David: I see. (Someone calls for brandy.) Jesus! (He rummages in a liquor cabinet and finds brandy; he exits. Helen stands for a moment looking at the dining room door; thenshe pulls airline tickets from her coat and looks at them.)
(David enters) Six months. We have six months for certain, right?
Helen: Yes.
David: These could be the freest six months of our lives, of anyone’s lives ever. Nothing to plan for, no long term responsibilities. Just live. That’s all we would need to do. Live to the fullest. Whatever that means. Do you know what that means?
Helen: I haven’t the faintest.
David: I’ve always wanted to know what that means. (Pauses.) Stay. Stay here with me.
Helen: I really can’t. My flight leaves in three hours.
David: Skip the flight. You said we never talked. Now we can talk.

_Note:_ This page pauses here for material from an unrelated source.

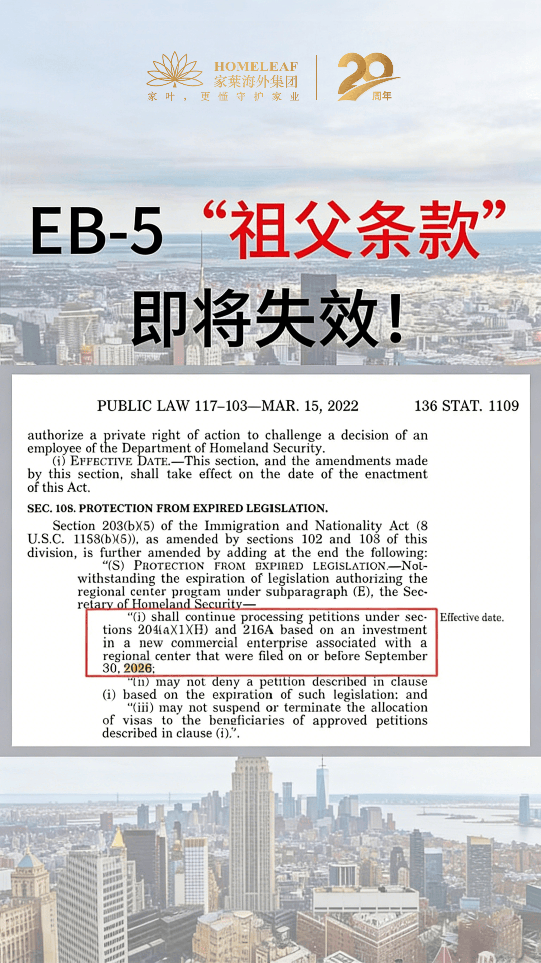 变局将至:2026年9月30日,美国EB-5“祖父条款”将到期!

Helen: (She holds up the airline tickets) I bought two tickets.
David: What?
Helen: Two tickets to Chile. All you need is your passport.
David: I...I’ve never been to Chile. I’ve never been to South America.
Helen: I invited you many times.
David: I know, I...
Helen: Your passport. We can buy everything else.
David: (He looks towards the dining room, then back to Helen.) I’m department chair...I...they’re counting...
Helen: The freest six months anyone has ever had. You put it so well.
David: (He looks again at the dining room and then back to Helen.) Six months.